Gerakan and MCA hope to avoid getting an 'egg'
GE13 WATCH Penang BN chief Teng Chang Yeow’s candidacy in Bukit Tengah has come as no surprise - Malaysiakini had got wind of the move, given his frequent presence on the mainland since last year.
Teng, a three-term assemblyperson for Padang Kota, lost the chance to take on DAP secretary-general Lim Guan Eng, who offered to battle him in the constituency.
He is now expected to meet state PKR deputy chief Law Choo Kiang, in one of his fiercest battles yet, which will determine BN’s relevance in Penang come polling day on May 5.
In a bid to improve its performance, Gerakan has dropped state chief Dr Teng Hock Nan, the former Pulau Tikus assemblyperson, and will field former Bukit Bendera MP Chia Kwang Chye (right) in Tanjung Bungah.
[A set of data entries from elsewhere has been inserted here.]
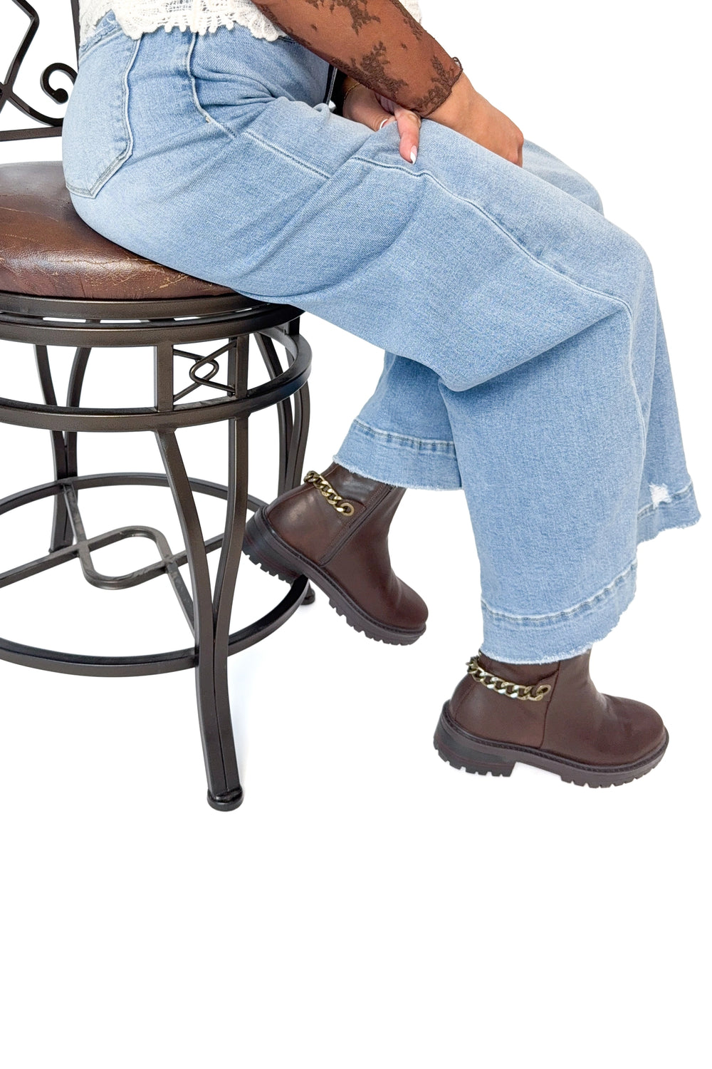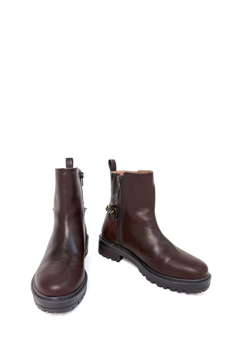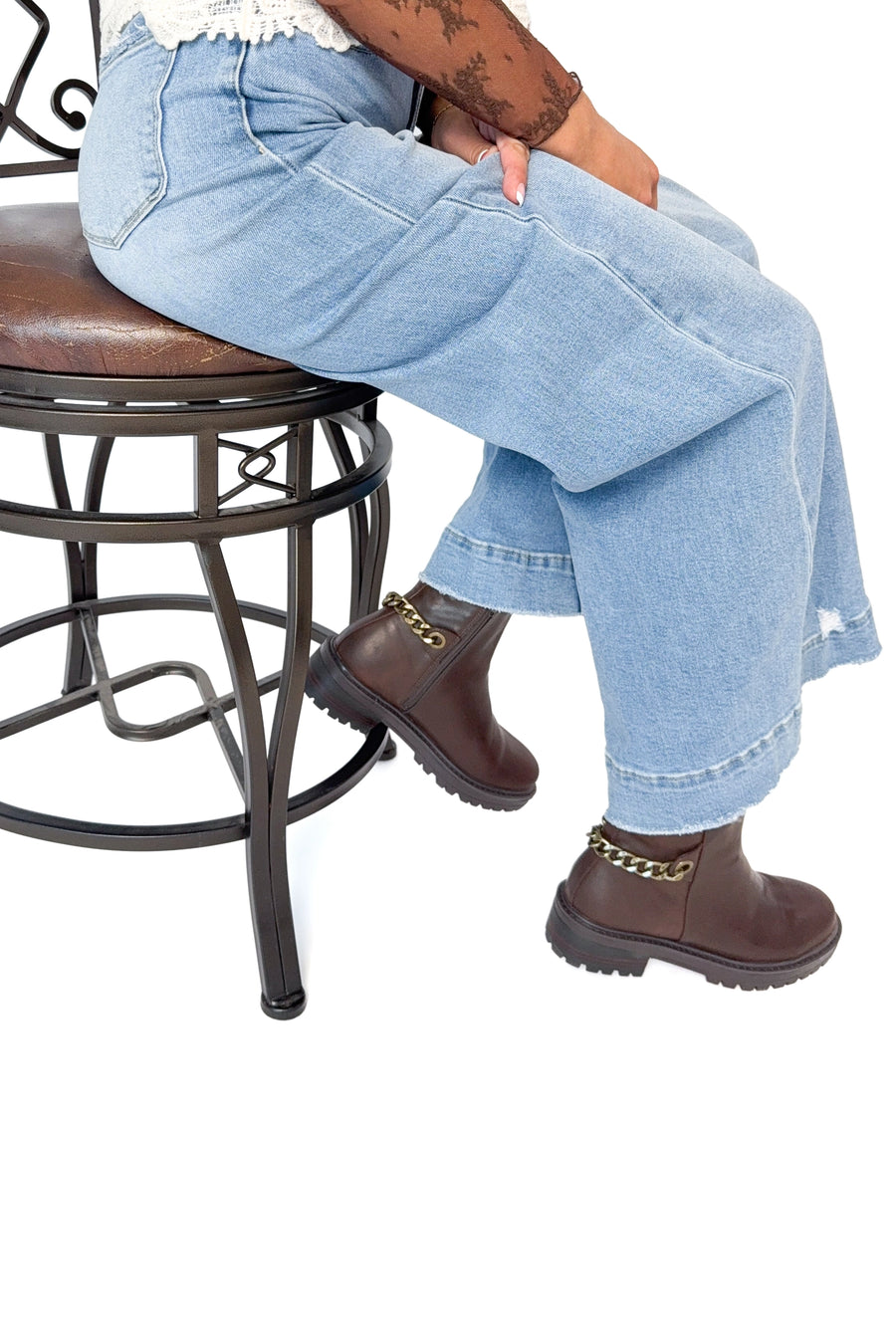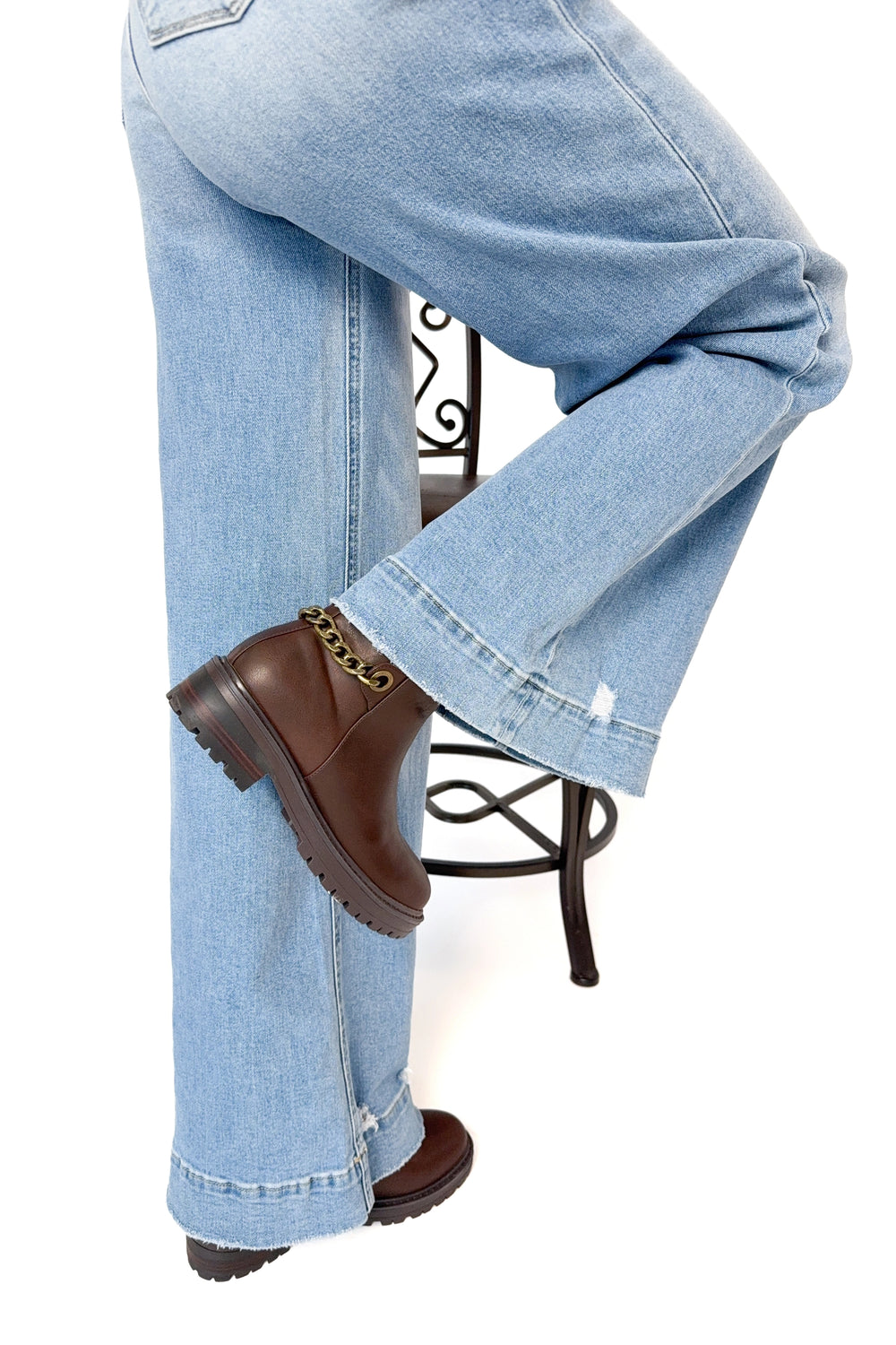 Elevate your footwear collection with the Yellow Box Adorne Combat Boot, featuring a classic combat silhouette enhanced by a feminine chain detail. The side zip closure and a 1" heel keep these boots practical and stylish. These boots deliver both durability and edgy sophistication, perfect for adding a bold statement to your everyday look while ensuring all-day comfort.
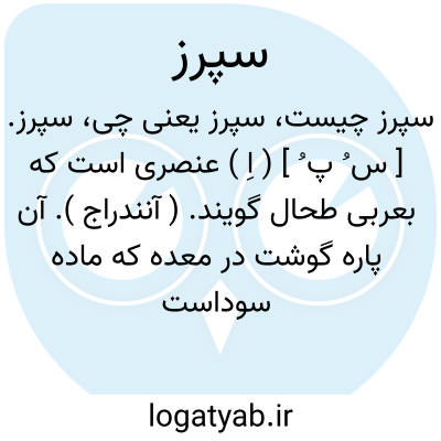 سپرز. [ س ُ پ ُ ] ( اِ ) عنصری است که بعربی طحال گویند. ( آنندراج ). آن پاره گوشت در معده که ماده سوداست بتازیش طحال نامند. ( شرفنامه ). اندامی است با منفعت بسیار و خانه سوداست و هرگاه سپرز فربه شود جگر و همه تن لاغر شوند ازبهر آنکه او ضد جگر است و فعل او آن است که سودا را که در وی خون است از خون جدا کند و بخویشتن کشد و مزه آن بگرداندو ترش کند و غذای خویش از آن بردارد و هر روز جزوی از آن سودا بمعده فرستد و ترشی آن معده را بگزد و شهوت طعام پدید آید. ( ذخیره خوارزمشاهی ):
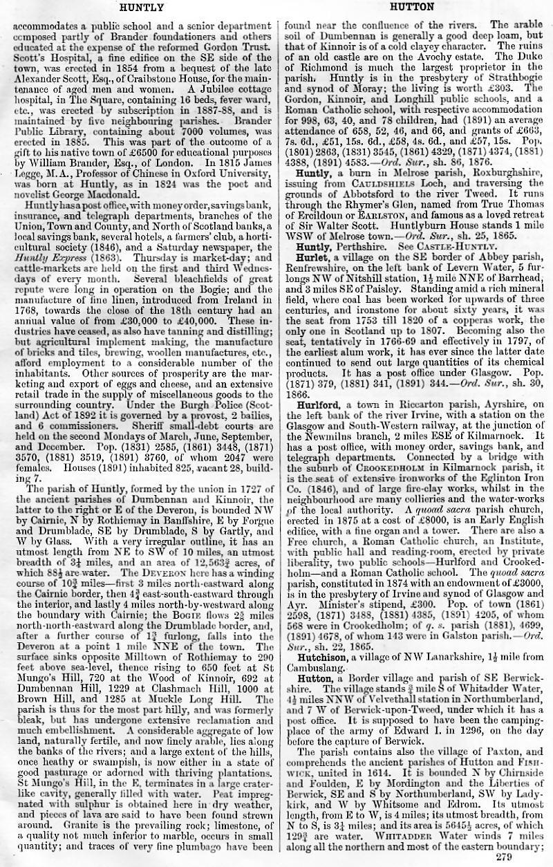 Huntly, Hurlet, Hurlford, Hutchison, Hutton
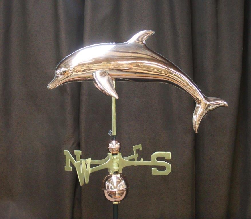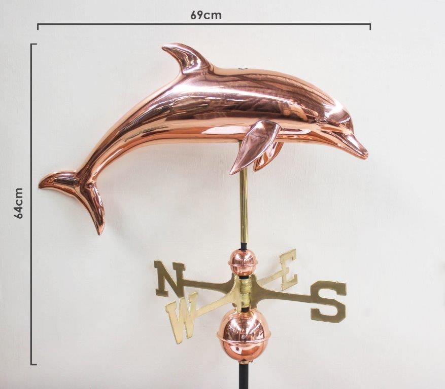 Enhance your home or garden with a stunning copper weathervane. Made from premium quality copper, our weathervanes are made to age gracefully, developing a rich patina over time that adds character and charm to any outdoor space. Perfect for rooftops, barns and garden posts. It’s meticulously crafted to provide both beauty and accurate wind direction. This Dolphin weathervane comes with a sturdy metal base plate making installation easy.
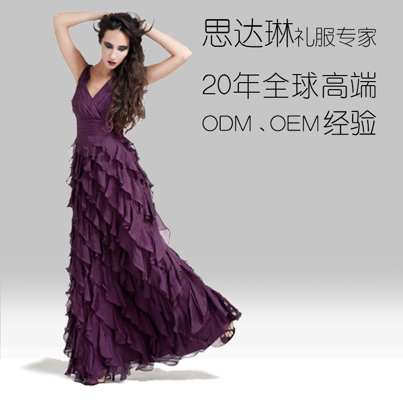供应外贸晚礼服 紫罗兰绚丽高档演出晚礼服小礼服宴会服定制 批发

Chia became well-known when he beat DAP senior leader Lim Kit Siang in the 2004 polls, where the loosely formed ppposition - Barisan Alternatif - suffered its worst defeat.
Gerakan is to contest 13 state and four parliamentary seats, opting to field eight newcomers to overcome the party’s poor performance in 2008.
The new timers for the three parliamentary seats are former Penang Indian Chamber of Commerce president N Gobalakrishnan (Batu Kawan), former municipal councillor Teh Leong Meng (Bukit Bendera) and businessman Ng Song Kheng (Tanjung).
Those contesting state seats for the first time are state Youth deputy secretary H’ng Chee Wey (Kebun Bunga), lawyer Rowena Yam (Pulau Tikus), state Youth chief Oh Tong Keong (Padang Kota), and Teng’s special assistants Tan Loke Heah (Machang Bubok) and Loo Jia Sheng (Air Itam).
The MCA will field five new recruits in the 10 state seats it is contesting - businessman Sum Yoo Keong (Sungai Puyu), insurance manager Tan Chuan Hong (Bagan Jermal), businessman Tan Ken Keong (Air Puteh), company secretary Low Joo Hiap (Seri Delima) and teacher Koh Wan Leong (Paya Terubong).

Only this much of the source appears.